Da la impresión que el contralor es un luchador incansable; una especie de gladiador con un traje de hierro que ha proclamado una cruzada moral y ética para dejar este país "algo menos corrupto" que como lo encontró al asumir el cargo. Muy bien y admirable.

Los administrados podemos entender que parte de esa misión tiene que ver con las funciones que le ha encomendado la Constitución en su artículo 98, que se refiere al control de la legalidad de los actos de la Administración y a la revisión de la contabilidad general de la Nación, entre otras, y similares funciones que le encomienda la Ley 10.336 y sus modificaciones. Es posible que en esas áreas, el Contralor haya encontrado actos de corrupción, relacionados, por ejemplo, con los fraudes en Carabineros y otros de especial gravedad.

Sin embargo, hay dos materias en las que ha ido muy lejos, una de ellas ya resuelta por la Corte de Apelaciones y la Corte Suprema, como es la relativa al caso de la subcontralora, donde su actuación de removerla del cargo sin un proceso previo fue considerada arbitraria e ilegal. Para un funcionario de la investidura del contralor, esas sentencias han debido ser muy duras y dolorosas, especialmente porque lo arbitrario implica algo caprichoso y carente de razón, y lo ilegal es un actuar contrario a la ley, que es precisamente por la que debe velar.

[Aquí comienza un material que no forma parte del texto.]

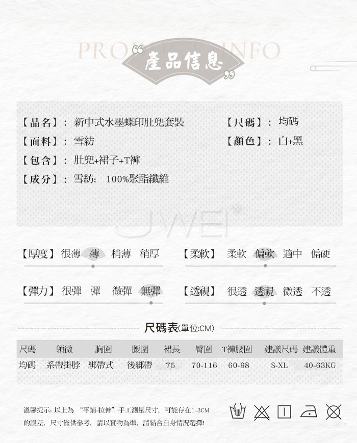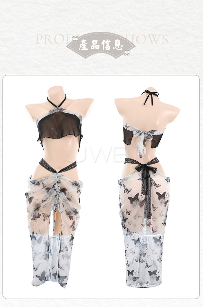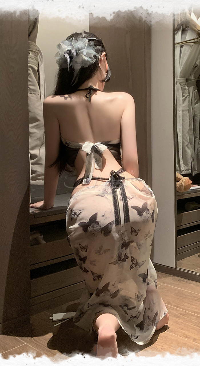 蝶韻風華.新中式水墨蝶印掛脖透視肚兜飄逸裙擺套裝【肚兜+裙子+T褲】

La segunda materia es la relativa a los permisos de construcción, donde, a través de sucesivos dictámenes, el contralor ha venido minando poco a poco el principio de certeza jurídica, generando un verdadero caos a nivel de direcciones de obras municipales y proyectos con aprobaciones previas o en curso, con gran daño patrimonial. Se han afectado derechos adquiridos y, desde luego, la buena fe que el administrado deposita en el Estado que aprueba sus proyectos y que no ha actuado con dolo ni engaño.

Lo que tienen en común el caso de la subcontralora y los permisos de edificación es que ambos surgen de actos de interpretación de la ley que realiza el contralor, sin tener facultades para ello. En doctrina administrativa, se trata de desviaciones de poder.

Es tal la cantidad de casos involucrados en materia constructiva, que resulta absurdo que la solución sea judicializarlos todos, y en cada uno de ellos haya que esperar una resolución de las cortes, que determinen que el actuar del contralor fue arbitrario e ilegal. La pregunta de fondo es si nuestro ordenamiento jurídico ofrece algún remedio suficiente para poner atajo a estos excesos y que no ocurra -como en las Isapres- en que se suman centenas o miles de recursos individuales.

Probablemente, el señor contralor reflexionará sobre estos temas y sopesará si en sus decisiones administrativas ha existido un sesgo interpretativo más ideológico que técnico. De ser esto cierto, inevitablemente la paralización arbitraria de la actividad constructiva se politizará por el daño que causa al desarrollo económico del país.